Activity:
Beginning with the first line below, retype exactly each line through the one containing "Questo set di". Leave out all pictures.

Data below:
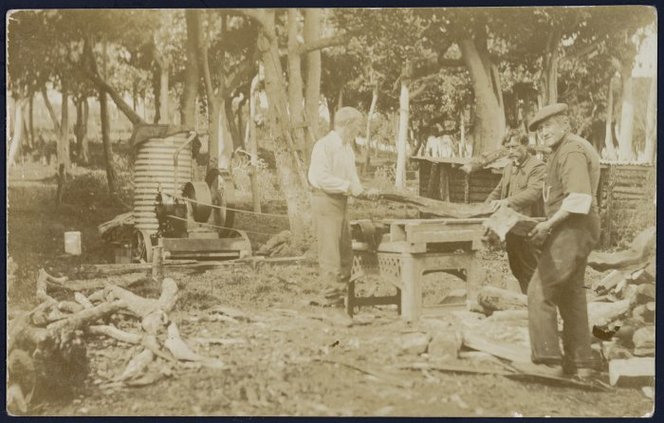 Noel Cox, George Rewai, and Felix Cox, cutting firewood, Chatham Islands. Guest, Ernest Matthias Capewell, 1873/1874-1957 : Photographs of the Chatham Islands. Ref: PAColl-4872-1-19. Alexander Turnbull Library, Wellington, New Zealand. http://natlib.govt.nz/records/23009499
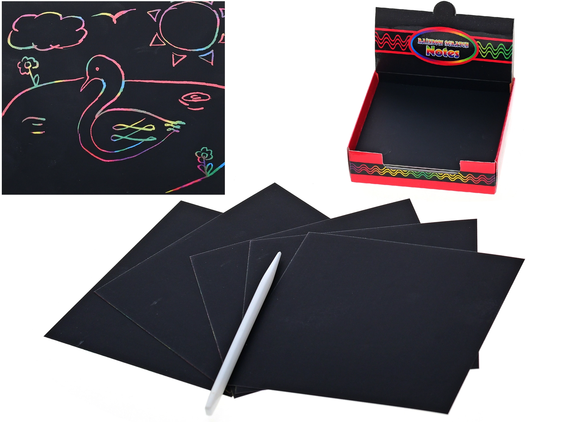 Questo set di cartoncini da grattare è un’ottima scelta per i bambini dai 7 anni in su che amano creare e scoprire nuove tecniche. Sotto lo strato nero si celano colori vivaci che, con la graffiatura progressiva, si trasformano in motivi allegri, scritte e illustrazioni. Grazie alla matita in bambù inclusa, il lavoro è semplice, pulito e sicuro.
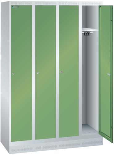 "longDescription": "LISTA Garderobenschrank, BxTxH: 1200x500x1800mm, Anzahl Abteile: 4, Abteilbreite: 300mm, Ausstattung: je Abteil mit 1-flügeliger Vollblech-Tür einschlagend, Oberfläche glatt (1 Abteil veschliessend), 1 Hutboden, 1 Kleiderstange mit je 3 verschiebbaren Kleiderhaken, 1 Handtuchhalter, mit Sockel 100mm hoch, Schliessart: Verschlussvorrichtung, Farbe Gehäuse: Lichtgrau RAL 7035, Farbe Türen: Resedagrün RAL 6011. Höchste Stabilität durch in Drehbolzen gelagerte, rechts angeschlagene Flügeltüren mit Verstärkungstasche für mehr Einbruchsicherheit. Durchdachte Belüftung mit Belüftungsschlitzen an Gehäusedeckel und -boden. Optimale Hygiene dank glatter Abteilböden ohne Aufkantung für eine gründliche Reinigung der Abteile. Schutz vor Verschmutzung und Korrosion durch zusätzlich zur Pulverbeschichtung verzinkten Unterbau mit Sockel gegen Verschmutzungen unter dem Schrank oder Füssen für Feuchträume<br>",

Answer area:
 Noel Cox, George Rewai, and Felix Cox, cutting firewood, Chatham Islands. Guest, Ernest Matthias Capewell, 1873/1874-1957 : Photographs of the Chatham Islands. Ref: PAColl-4872-1-19. Alexander Turnbull Library, Wellington, New Zealand. http://natlib.govt.nz/records/23009499
 Questo set di cartoncini da grattare è un’ottima scelta per i bambini dai 7 anni in su che amano creare e scoprire nuove tecniche. Sotto lo strato nero si celano colori vivaci che, con la graffiatura progressiva, si trasformano in motivi allegri, scritte e illustrazioni. Grazie alla matita in bambù inclusa, il lavoro è semplice, pulito e sicuro.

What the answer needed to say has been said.